[Start of section]

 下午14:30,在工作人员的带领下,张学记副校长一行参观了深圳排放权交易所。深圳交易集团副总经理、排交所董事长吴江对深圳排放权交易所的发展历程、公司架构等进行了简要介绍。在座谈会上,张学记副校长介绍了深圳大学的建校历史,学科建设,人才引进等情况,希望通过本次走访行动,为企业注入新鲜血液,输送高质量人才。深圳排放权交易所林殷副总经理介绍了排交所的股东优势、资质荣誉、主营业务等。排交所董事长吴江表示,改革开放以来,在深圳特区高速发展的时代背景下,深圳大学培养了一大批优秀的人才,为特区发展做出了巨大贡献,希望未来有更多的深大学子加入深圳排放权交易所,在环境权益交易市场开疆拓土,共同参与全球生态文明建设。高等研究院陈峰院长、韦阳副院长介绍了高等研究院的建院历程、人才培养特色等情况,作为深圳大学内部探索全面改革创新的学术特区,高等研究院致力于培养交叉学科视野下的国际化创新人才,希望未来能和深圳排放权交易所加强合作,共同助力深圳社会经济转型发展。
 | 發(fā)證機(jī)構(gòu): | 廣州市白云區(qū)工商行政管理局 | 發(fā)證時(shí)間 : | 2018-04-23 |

[End of section]
[Start of section]

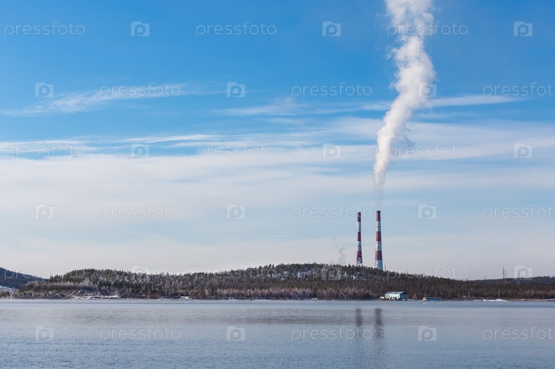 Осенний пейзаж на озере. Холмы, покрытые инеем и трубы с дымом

[End of section]

### Task item
Every line above from the line with "下午14:30,在工作人员的" to the line with "發(fā)證時(shí)間 : | 2018-04-23 |", inclusive, must be returned exactly; no other line belongs in the reply.

### Written solution
 下午14:30,在工作人员的带领下,张学记副校长一行参观了深圳排放权交易所。深圳交易集团副总经理、排交所董事长吴江对深圳排放权交易所的发展历程、公司架构等进行了简要介绍。在座谈会上,张学记副校长介绍了深圳大学的建校历史,学科建设,人才引进等情况,希望通过本次走访行动,为企业注入新鲜血液,输送高质量人才。深圳排放权交易所林殷副总经理介绍了排交所的股东优势、资质荣誉、主营业务等。排交所董事长吴江表示,改革开放以来,在深圳特区高速发展的时代背景下,深圳大学培养了一大批优秀的人才,为特区发展做出了巨大贡献,希望未来有更多的深大学子加入深圳排放权交易所,在环境权益交易市场开疆拓土,共同参与全球生态文明建设。高等研究院陈峰院长、韦阳副院长介绍了高等研究院的建院历程、人才培养特色等情况,作为深圳大学内部探索全面改革创新的学术特区,高等研究院致力于培养交叉学科视野下的国际化创新人才,希望未来能和深圳排放权交易所加强合作,共同助力深圳社会经济转型发展。
 | 發(fā)證機(jī)構(gòu): | 廣州市白云區(qū)工商行政管理局 | 發(fā)證時(shí)間 : | 2018-04-23 |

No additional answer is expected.